According to a statistical report from a few months ago, Cyprus hosted almost 850 MW of solar power, of which less than 400 MW was in commercial photovoltaic plants. Prosumers operated the rest. Licensed projects amounted to 2.8 GW. Wind power amounts to 155 MW.

Rapid growth of solar power capacity brings more episodes of overloads, when grid operators have to curtail photovoltaic and wind power production. At the same time, sudden weather changes can push production to a critically low level, which can also cause outages before conventional facilities step in to cover the deficit.

Curtailments to double this year

Founder of the CyprusGrid tracking platform Andreas Procopiou said on LinkedIn that more than 167 GWh of renewable energy was curtailed in the first half of the year. It’s how much was lost whole last year, he pointed out.

The conventional power plants in Cyprus aren’t able to lower or boost production fast enough to balance the changes in renewables

The cuts will almost certainly exceed 300 GWh in 2025, doubling the all-time high in just one year, Procopiou estimated.
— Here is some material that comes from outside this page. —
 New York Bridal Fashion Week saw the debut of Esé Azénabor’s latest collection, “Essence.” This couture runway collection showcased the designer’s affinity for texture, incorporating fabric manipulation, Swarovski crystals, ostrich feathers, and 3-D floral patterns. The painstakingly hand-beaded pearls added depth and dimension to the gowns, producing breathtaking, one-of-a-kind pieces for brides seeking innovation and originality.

The average monthly growth rate has actually more than doubled from 2024, according to the developer of the electricity generation tracker.

Cuts boost emission costs by EUR 8 million

Curtailments erased 20.8 GWh in June alone. The daily average was 29.3% of total renewables output. It compares to May’s 33.9 GWh and 50.3%, respectively, after 37.9 GWh and 61.4% in April. March was the worst, with 38.2 GWh lost, or a whopping 67.9% of potential production, CyprusGrid data shows.
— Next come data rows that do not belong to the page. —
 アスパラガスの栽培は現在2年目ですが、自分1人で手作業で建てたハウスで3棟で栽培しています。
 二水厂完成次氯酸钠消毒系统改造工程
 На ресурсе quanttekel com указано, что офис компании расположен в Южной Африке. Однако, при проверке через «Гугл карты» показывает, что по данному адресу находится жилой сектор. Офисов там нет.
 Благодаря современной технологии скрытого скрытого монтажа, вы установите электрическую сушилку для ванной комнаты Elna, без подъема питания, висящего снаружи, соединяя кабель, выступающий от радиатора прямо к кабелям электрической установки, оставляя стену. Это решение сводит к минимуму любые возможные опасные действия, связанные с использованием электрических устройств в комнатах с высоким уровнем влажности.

“Solar energy that could reduce costs and pollutants ends up being lost. For 2025 alone, the cuts already amount to more than 100,000 tons of additional CO₂ emissions and an additional burden of around EUR 8 million for emission allowances. A cost that we all ultimately pay,” Procopiou stressed.

Without storage, flexibility and serious planning, the energy transition remains just an empty slogan, the renewable energy expert pointed out.

Nevertheless, French giant TotalEnergies isn’t intimidated by the curtailments. It won the environmental approval a month ago for a photovoltaic park of 100 MW in peak capacity. But the company is planning to include energy storage.